Athena API Errors
Full error envelope catalog for Athena API responses
Overview
All Athena API errors return a single consistent JSON shape defined by the AthenaErrorResponse interface. This applies to all 4xx and 5xx responses from the API layer, middleware-enforced auth errors, validation errors, and proxy errors all use the same shape. Error codes are stable; callers should parse the error field, not the message field, in any programmatic error handling.
Error Shape
interface AthenaErrorResponse {
error: string; // machine-readable error code
message: string; // human-readable description
hint?: string; // optional: actionable guidance for the developer
}The hint field is optional. It appears on errors where a remediation action is clear and safe to surface. It is absent when no specific action is meaningful, for example, proxy timeout errors (504) do not include a hint.

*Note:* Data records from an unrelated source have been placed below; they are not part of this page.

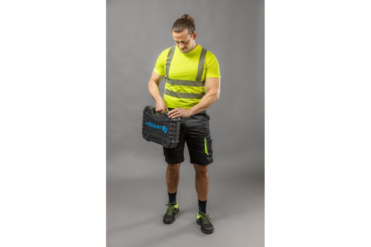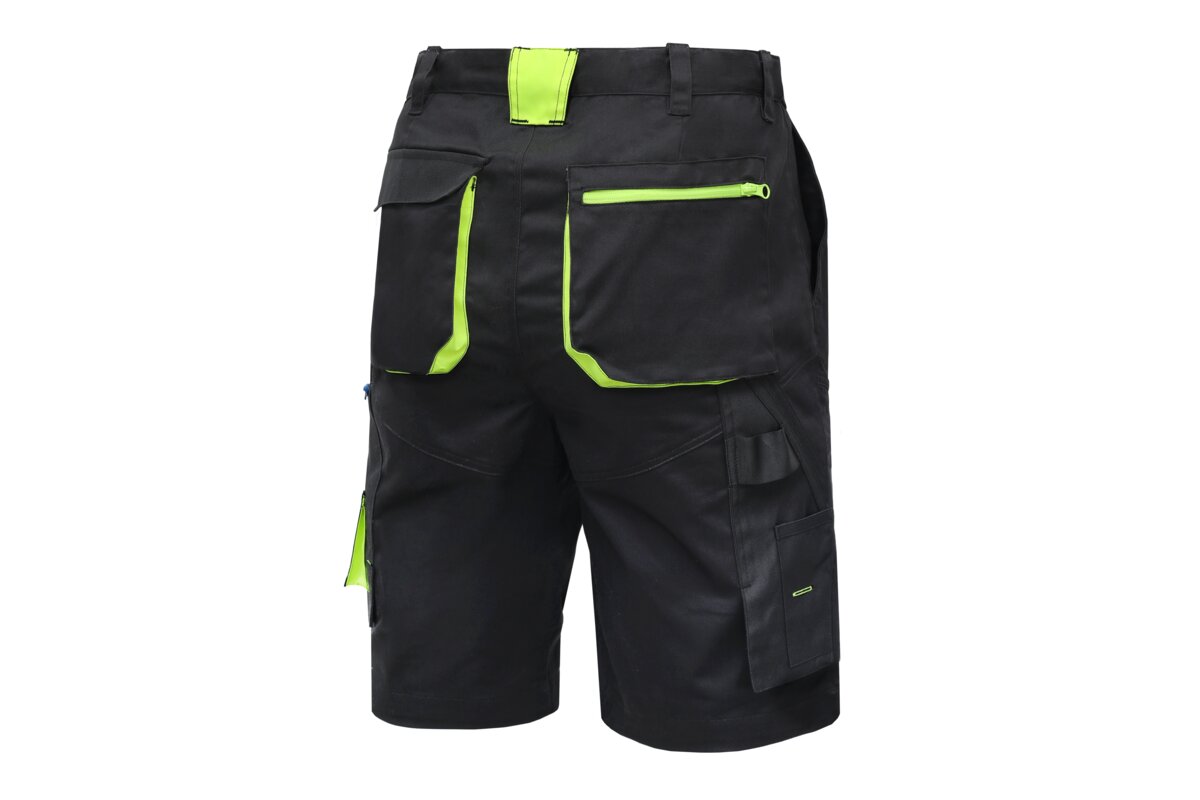 Elastyczne spodenki ochronne REETZ łączą innowacyjny design z funkcjonalnością. Wyraźne, fluorescencyjne akcenty kolorystyczne dodają dynamicznego charakteru, jednocześnie zwiększając widoczność użytkownika. Tkanina TWILL o wysokiej gramaturze zapewnia trwałość i wygodę, jednocześnie pozostając elastycznym. Skład materiału obejmujący bawełnę, poliester i elastan, gwarantuje optymalne dopasowanie i komfort noszenia. Wzmocnienia z materiału OXFORD 600D zapewniają dodatkową wytrzymałość w kluczowych obszarach.
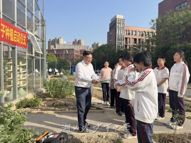 4月7日下午,沙市中學在學校百草園基地舉行了2025年太空種子種植啟動儀式。學校黨委副書記、校長徐善慧,黨委委員、副校長潘磊,教務處副主任杜景泉、百草園負責人徐東平老師、高一年級部分班主任和學生代表參加活動。
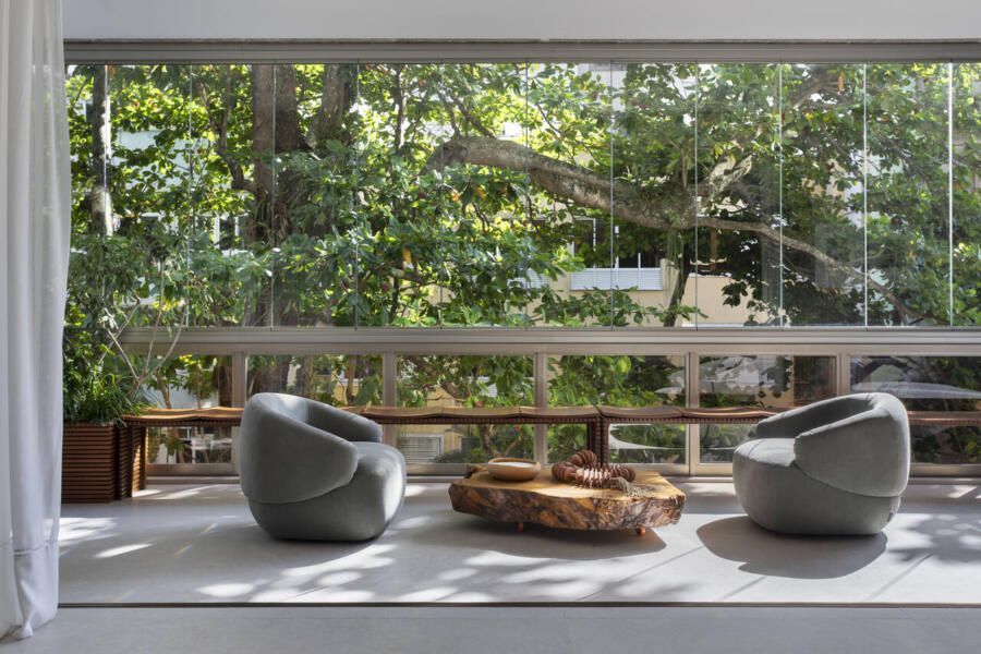 “O imóvel original tinha uma varanda, que foi integrada à nova sala e recebeu fechamento em vidro. As esquadrias da sala foram refeitas, permitindo abertura total e garantindo uma maior integração com o ambiente da varanda.”
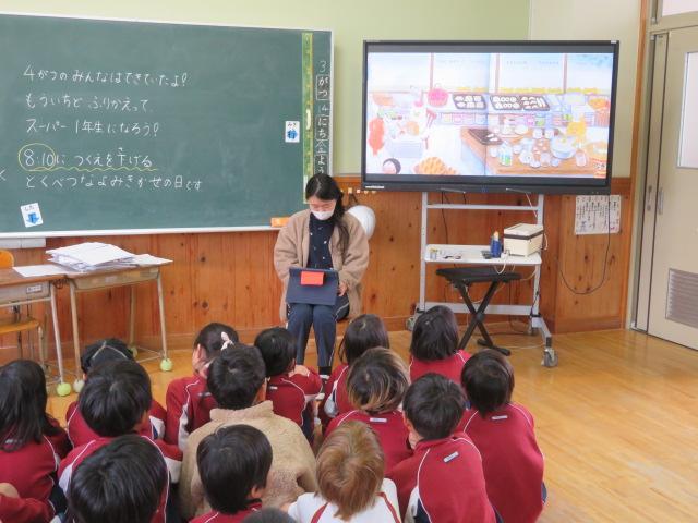 でした。今日は、今年度最後の読み聞かせでした。年間34回。どんな本と出合うことができたか、覚えているでしょうか。楽しい絵本、グッとくる絵本、考えさせられる絵本、どの絵本も人の心を動かします。心が動くとまた一つ、心が成長します。新しい学年になっても、たくさんのステキな本と出合い、「心を豊かに」してほしいと思います。

The Content-Type on all error responses is application/json. No HTML error pages are returned.
What never appears in error responses: PII (email addresses, session tokens, identity IDs), internal service names (Kratos, Hydra, Medusa), internal hostnames, ports, or stack traces.
Error Codes by Status
401, Not Authenticated
Returned when the athena-session cookie is absent, expired, or fails HMAC verification.
{
"error": "not_authenticated",
"message": "Authentication required.",
"hint": "Authenticate via /api/auth/login"
}Causes:
- Cookie absent, not sent with the request
- Cookie expired, session lifetime has elapsed; re-authenticate
- Cookie tampered, any modification to the cookie payload invalidates the HMAC signature
Remediation (browser callers): Navigate to GET /api/auth/login to initiate the OAuth2 login flow. The athena-session cookie is set on successful callback.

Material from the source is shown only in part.